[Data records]
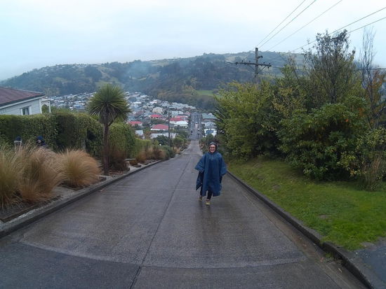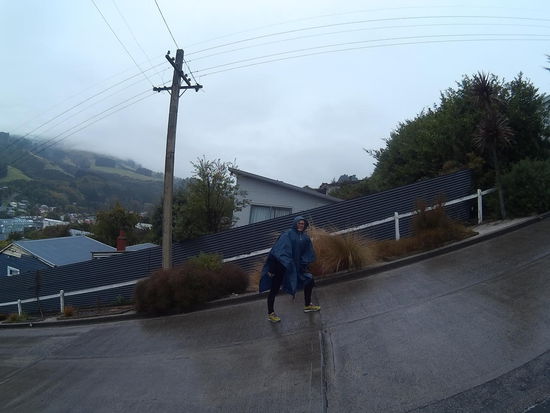 Wir halten für einen Fotostop an der steilsten Straße der Welt. Da es mittlerweile ordentlich regnet, kommt das Bali Regencape wieder zum Einsatz. Die Straße ist echt steil, nur kommt das auf Fotos leider nicht so rüber. Hier bewährt sich mal wieder der Fischaugeneffekt meiner Cam, ich kann es noch besser einfangen, als Janikas Cam. Ich lege mich auch auf die Straße für ein Foto, das Janika netterweise macht, dabei stelle ich einen anderen interessanten Effekt fest: der starke Regen läuft die Straße runter und direkt in mein Regencape.
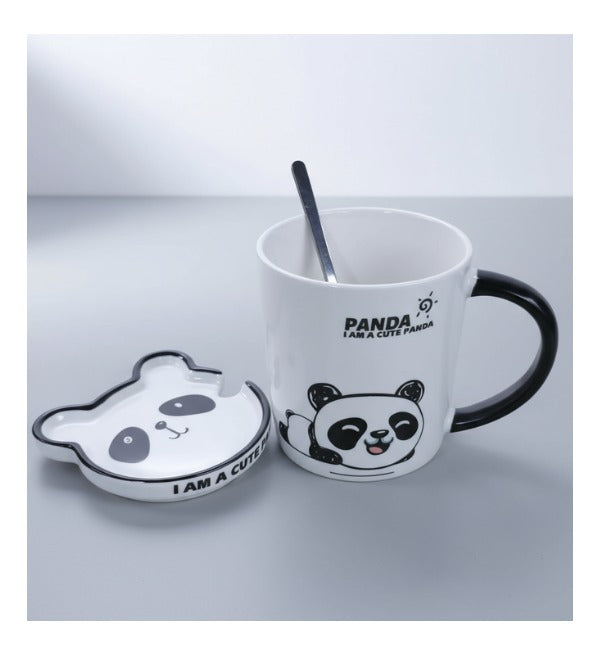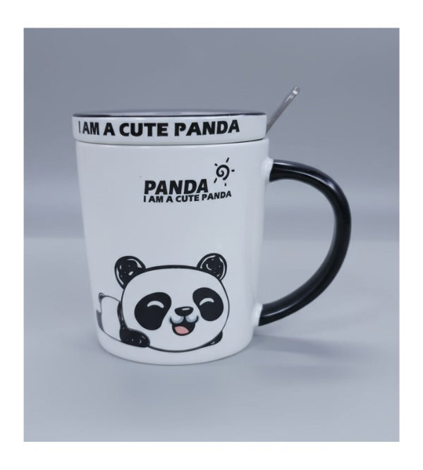 Panda Ceramic Mug with Cute Panda Face Lid & Spoon – White & Black (KS9529)
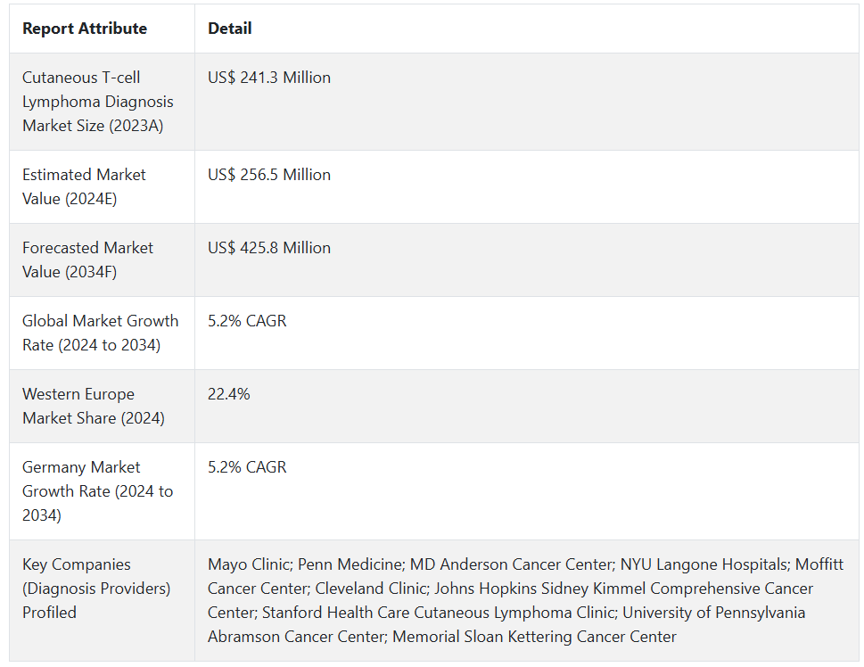 Fact.MR은 최근 발표된 보고서에서 CTCL 진단 분야의 주요 업체, 이 시장의 현재 연구, 최근 주요 발전, 역학 분석, 매출 성장, 기술 확장에 대한 추측 등에 대한 자세한 정보를 제공했습니다.
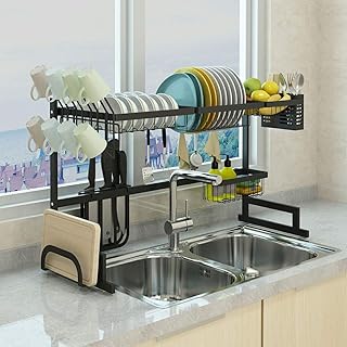 食器乾燥ラック シンク上ディスプレイスタンド 水切り ステンレススチール キッチン用品 収納棚 台所用品ホルダー キッチン用品 収納ラック 85cm (ブラック)
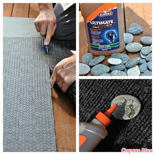 3. Пока камешки сохнут, достанем старый ковер или ковролин и отрежем кусочек. Вырезать отрезок можете любой формы, какая только Вам нравится или нужна для декора.
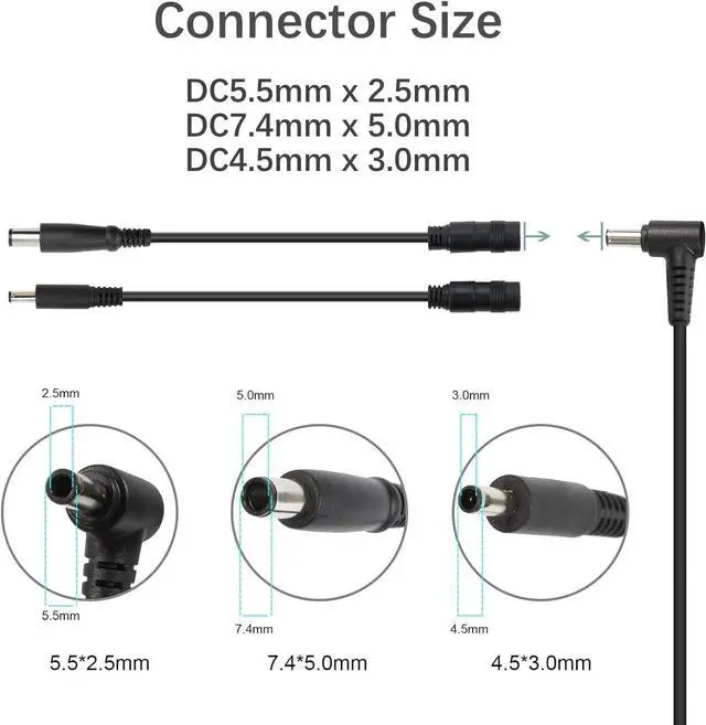Connector DC Plug: 5.5 mm x 2.5 mm And 4.5 mm x 3.0 mm. 7.4 mm x 5.0 mm.
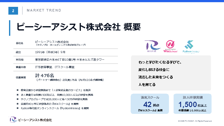 - 全国で受講できる、一定品質の技術研修を検討している方
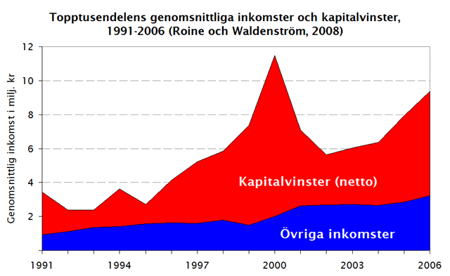 I det svenska fallet har lönespridningen som sagt ökat något men den stora ökningen av toppinkomstandelarna framträder när vi inkluderar kapitalvinster. Om dessa kapitalvinster är kopplade till toppinkomsttagarnas yrkesutövning så skulle det tyda på att liknande mekanismer som verkar i USA och England även ligger bakom den ökade inkomstkoncentrationen i Sverige. Men om dessa kapitalvinster inte har någon koppling till toppinkomsttagarnas arbete antyder detta i stället att, precis som i början av seklet, den som blir rik i Sverige blir det genom att göra goda investeringar, inte genom arbete.

## What you need to do
The output should consist of the records above, reproduced exactly, without pictures.

## Your response
 Wir halten für einen Fotostop an der steilsten Straße der Welt. Da es mittlerweile ordentlich regnet, kommt das Bali Regencape wieder zum Einsatz. Die Straße ist echt steil, nur kommt das auf Fotos leider nicht so rüber. Hier bewährt sich mal wieder der Fischaugeneffekt meiner Cam, ich kann es noch besser einfangen, als Janikas Cam. Ich lege mich auch auf die Straße für ein Foto, das Janika netterweise macht, dabei stelle ich einen anderen interessanten Effekt fest: der starke Regen läuft die Straße runter und direkt in mein Regencape.
 Panda Ceramic Mug with Cute Panda Face Lid & Spoon – White & Black (KS9529)
 Fact.MR은 최근 발표된 보고서에서 CTCL 진단 분야의 주요 업체, 이 시장의 현재 연구, 최근 주요 발전, 역학 분석, 매출 성장, 기술 확장에 대한 추측 등에 대한 자세한 정보를 제공했습니다.
 食器乾燥ラック シンク上ディスプレイスタンド 水切り ステンレススチール キッチン用品 収納棚 台所用品ホルダー キッチン用品 収納ラック 85cm (ブラック)
 3. Пока камешки сохнут, достанем старый ковер или ковролин и отрежем кусочек. Вырезать отрезок можете любой формы, какая только Вам нравится или нужна для декора.
Connector DC Plug: 5.5 mm x 2.5 mm And 4.5 mm x 3.0 mm. 7.4 mm x 5.0 mm.
 - 全国で受講できる、一定品質の技術研修を検討している方
 I det svenska fallet har lönespridningen som sagt ökat något men den stora ökningen av toppinkomstandelarna framträder när vi inkluderar kapitalvinster. Om dessa kapitalvinster är kopplade till toppinkomsttagarnas yrkesutövning så skulle det tyda på att liknande mekanismer som verkar i USA och England även ligger bakom den ökade inkomstkoncentrationen i Sverige. Men om dessa kapitalvinster inte har någon koppling till toppinkomsttagarnas arbete antyder detta i stället att, precis som i början av seklet, den som blir rik i Sverige blir det genom att göra goda investeringar, inte genom arbete.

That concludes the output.